When we lived in Amsterdam Kellen went to the British School and had friends from all over the world. One of his buddies proudly announced that he could speak, "Dutch, English and American." George Bernard Shaw said that "England and America are two countries divided by a common language". What I didn't anticipate was yet another language gap on the state level. Last night my extended family was converging on Red Robin to celebrate a birthday. I was driving one vehicle in the caravan with my brother, Mark, riding shotgun. "Is it on Waco or Greenwich?" I asked, giving the last word its correct British pronunciation. "Gren-ich?" Mark said, "it's GREEN-witch. You're in Kansas now." I rolled my eyes. "Oh please, I'll say ArKANSAS River when it runs through Kansas (as opposed to ArkanSAW, like the state) but I draw the line at saying GREEN-witch." "How do you say 'Eldorado'?" he asked. "EldorAYdo" I said. "It's really EldorAHdo." Okay, he got me there. It all depends on how you learn the words — and what language you're speaking when you learn them. I just happened to be speaking The Queen's English when I learned to pronounce "Greenwich", but most of my vocabulary is Kansan. My friend Elise returned to her native New York after living in Europe for 20 years and also faced translation issues. "Most of my English speaking friends back in Europe have avoided the slang trap and speak in real sentences that are grammatically correct.
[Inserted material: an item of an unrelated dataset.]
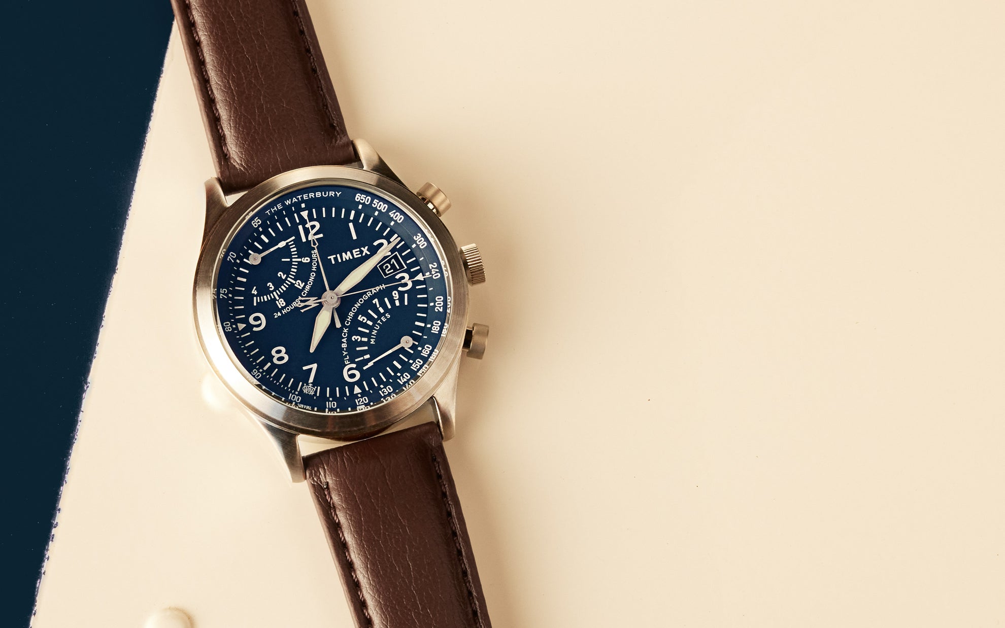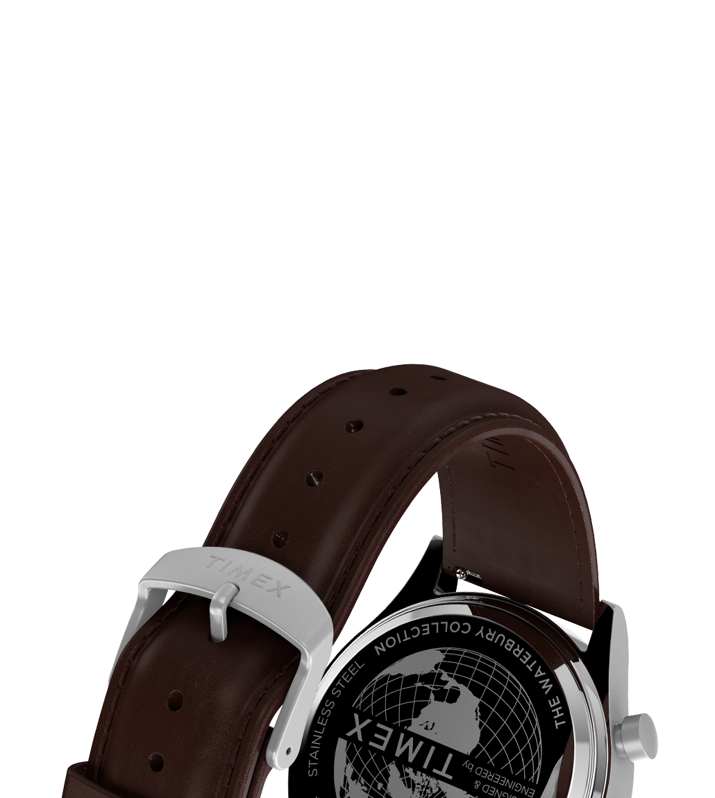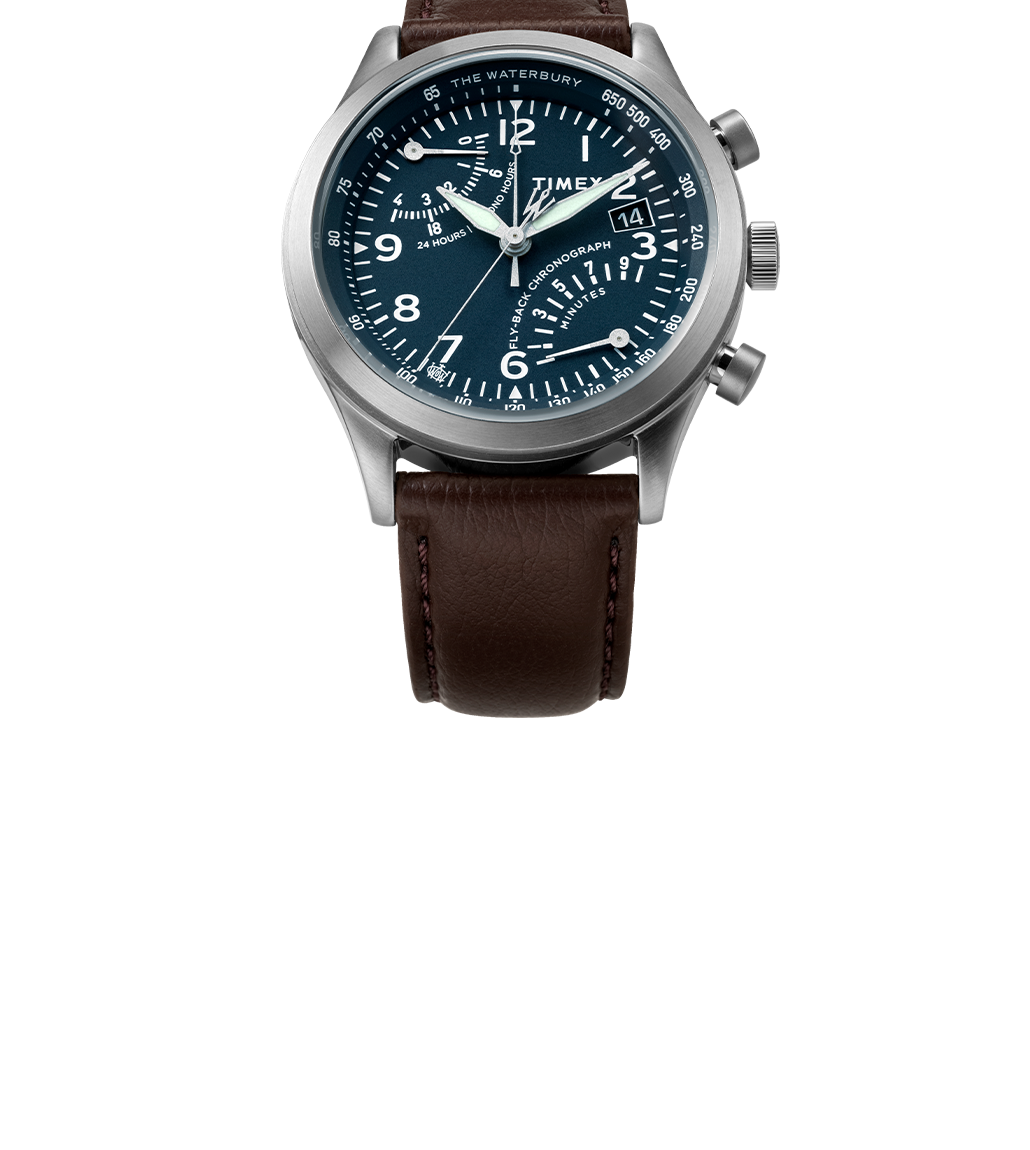 Built with our proprietary fly-back chronograph movement designed in Pforzheim, Germany, the dial of our Waterbury Traditional Fly-Back Chronograph houses fan-shaped sub-dials at the 4 o'clock and 10 o'clock positions with retrograde hands. A single press of the fly back pusher instantly resets the chronograph to display the current time in the current lap without the need to stop and reset, and when the chronograph isn’t in use, the upper sub-dial doubles as a second time zone indicator. This watch boasts a robust 43mm stainless-steel case paired with a cruelty-free vegan leather strap. Other notable details include a date window positioned at 2:30, luminous hour and minute hands for enhanced visibility, 100m of water resistance, and the iconic stylized W of the Waterbury Watch Company logo displayed on the crown, sweep second hand, and beside the 7th hour marker.

They speak an English that is probably just as foreign to Americans as theirs is to the long-term expatriate" she wrote in an article titled Do We Speak the Same Language? What language do you speak? Do you have another example of a uniquely Kansan word? Leave a comment and I'll work hard to understand you no matter which English you speak.
I have given up on any language - it's a miracle we understand each other at all. :P
Posted by: alexis | March 12, 2009 at 03:22 AM
That's pretty pessimistic for a chica who knows the difference between Dutch and Business Dutch!